Several years ago, Antique Daddy and I (Antique Couple at that point) were at a Christmas party in the home of a business associate. The house was aglow in all its holiday glory. There was a cacophony of holiday music, conversation, laughing, and happy, noisy children. I was sitting in front of a roaring fire, sipping a glass of wine and admiring the stockings hung just so from the mantle. It was a Norman Rockwell scene, until…. (cue the soundtrack from Jaws) I innocently remarked that if Santa were to come down the chimney tonight he would burn his butt.
The room went completely silent. The bulbs on the tree dimmed. The fire was nearly snuffed out as the oxygen was sucked from the room as everyone simultaneously gasped in horror.
The little boy standing nearest to me dropped the toy he was playing with and clutched his face like Macaulay Culkin in Home Alone. He stood there with his mouth agape unable to make a sound.
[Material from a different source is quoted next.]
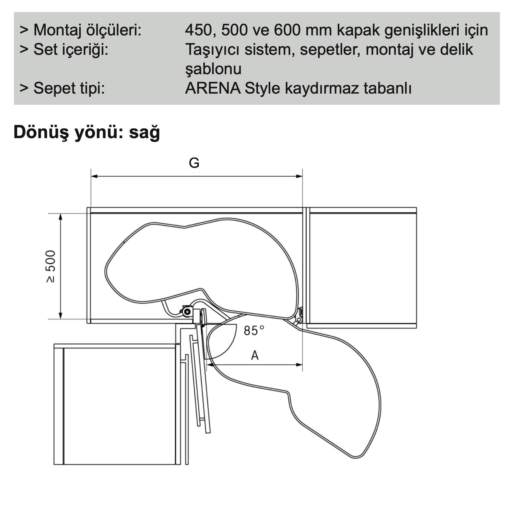 dolap kapağı minimum 85° açıkken dışarı çıkabilir. Her bir sepet için taşıma kapasitesi: Maksimum 25 kg. Sepetlere opsiyonel olarak takılan SoftSTOPPplus yavaşlatıcı piston ile yavaş kapanma özelliğine sahiptir

Then he started fanning his face with both hands as though he had the vapors. “You! Can’t! Say! That!” he managed to sputter. And then he said it again, as though I didn’t get it. And apparently I didn’t because I then said, “Can’t say what? Butt? What’s wrong with butt? Is butt a bad word? Who doesn’t say butt?” And it was at that point he ran off screaming, “Mommy! Mommy! She said b-u-t-t!”
With nothing more (egregious) that could be done, I lifted my glass to the crowd, said “Bottoms up!” and downed the remainder of my wine. I then collected my husband from behind the curtains where he was pretending to be invisible and we slunk off into the night to destroy more unsuspecting children. Perhaps at the next party I could announce that there is no Santa Clause.
After the Christmas party incident, I wondered what other people thought about The Word That Must Not Be Spoken. So I took an informal poll among my friends and I got a wide and varied response depending on what region of the country I was polling. My friends from the UK use the term bum (or is it truly a 4-letter word, bumm?) My southern friends say “bottom” but will use the word “tail” if the situation warrants, as in “Bucky Joe, you get yoah tail ovuh here right now!” The mid-westerners I polled use the word “behind” and some of my older relatives say “fanny.” And the list goes on and on. It seems everyone has a pet name for their, umm… backside.
I guess the moral of the story is this: When at a party, know what part of the country you’re in and beyond that, sit on it — don’t say it.